I have never thought I could make pasta carbonara that is eggless and milk free. If you have some tofu nearby, you will love that dish. It could not been simple to make. This recipe is so delish and takes little time to prepare.
Are you ready to start the culinary adventure?
Did I hear YES?
Great. Let’s start.
Here is what you will need:
*as much as you like pasta of your choice ( I used gluten free brown rice pasta)

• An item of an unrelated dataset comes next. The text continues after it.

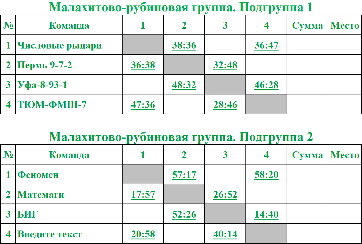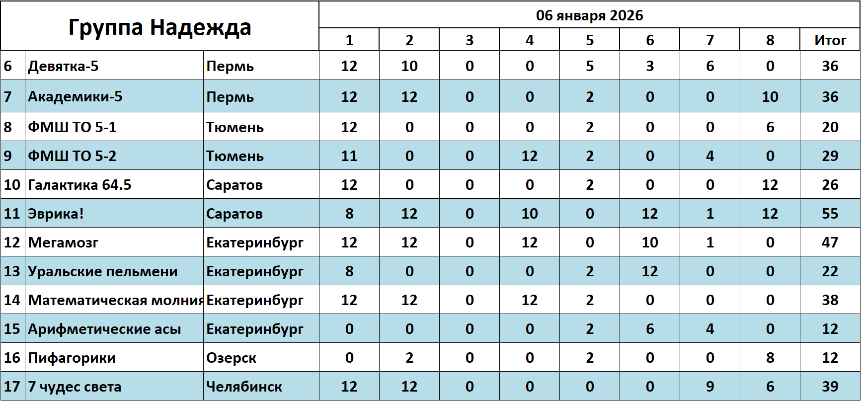 Итоги матбоев. Группа "Надежда", 5-е классы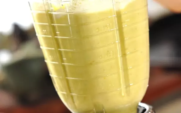 1、カボチャとクリームチーズ、グラニュー糖、牛乳、コーンスターチを合わせてミキサーにかけ、なめらかになったら鍋に移す。

*500g of chestnut mushrooms
*handful of kale
*1 big onion
*300g of silken tofu
*3 gloves of garlic
*vegan yeast flakes
*juice of 1/2 lemon
*pepper and salt to season
How to make it:
- Wash and slice mushrooms. Chop the onion and garlic.
- Wash and tear kale.
- Throw mushrooms and chopped onion in them frying pan and let them dance together for few minutes.
- Throw torn kale. Optionally you can go for spinach here.
- Prepare the sauce by putting tofu, yeast flakes, chopped garlic, nutmeg, salt and pepper and lemon juice into a bowl.
- Blend it with a blender until you reach smooth texture. Taste it and add more salt or pepper. Now I forgot to add nutmeg when I was making it and it still was amazing.
- Put the sauce into the pan with mushrooms, onion and kale and cook it for a short while
- Boil water in a pot and throw pasta of your choice
- Put boiled pasta in the frying pan and mix it with sauce.
When you are serving it, throw some fresh parsley on the top and serve it straight away. Ahh and add some love too.